Woman goes under the knife to evade debt
She used borrowed bank cards to finance her surgery.
A 59-year old woman from the central Chinese city of Wuhan transformed her appearance through plastic surgery in order to avoid $3.71 million of personal debts, Xinhua said.
In a case highlighting the challenges facing China as it tries to establish a “credit society”, police were “astonished” after apprehending the woman, who fled to the southeastern Chinese city of Shenzhen after a court in Wuhan ordered her to pay off her debt. “We were surprised at the scene,” Xinhua news agency quoted a policeman as saying. “She looked in her 30s and was different from the photos we had.”
The woman, identified as Zhu Najuan, also confessed to using other people’s identity cards to travel across the country by train. She financed her plastic surgery using borrowed bank cards.

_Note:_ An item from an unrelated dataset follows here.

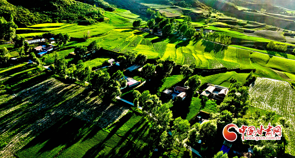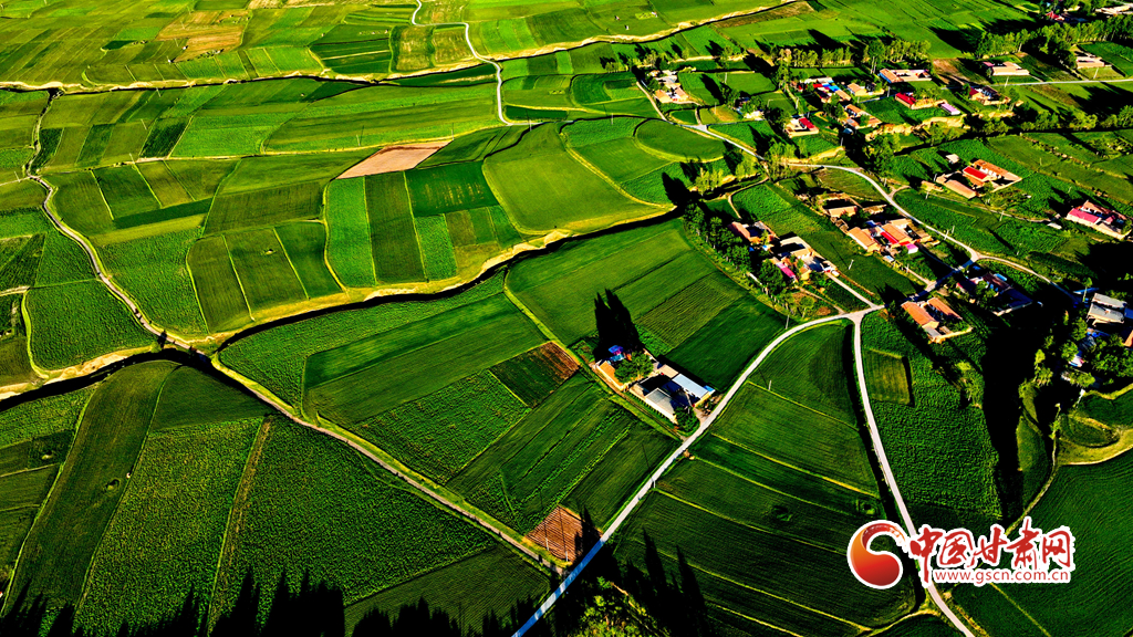 夕陽映襯下的祁連山北民樂縣豐樂鎮(zhèn)易家灣村,綠油油的莊稼生長(zhǎng)旺盛,林木蓊郁層林盡翠,呈現(xiàn)出生機(jī)勃勃的景象,猶如“巨幅綠毯”。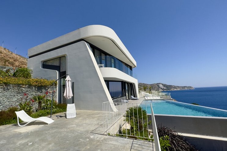 Stilvolles Design bringt kosmopolitischen Chic auf die Landschaft in dieser Luxusvilla mit zwei Pools, einem Fitnessraum und einem Weinkeller. Weit offener Blick auf das Meer und die Berge trägt zur inneren Gelassenheit bei.

Representatives from more than 300 Chinese cities released a declaration earlier in July promising to make more credit available for consumer spending, part of the country’s efforts to find new sources of economic growth and reduce dependence on heavy industry and state-driven infrastructure investment. But as the country strives to make more credit available to individuals, it is also facing a surge in household debt.
As regulators try to establish a reliable nationwide credit rating system, authorities are exploring ways to crack down on people who do not pay their debts. A court in Jiangsu province has drawn up a blacklist of defaulters. Anyone who calls an individual on the blacklist will be forced to listen to a pre-recorded message saying “please urge this person to fulfil their legal obligations”.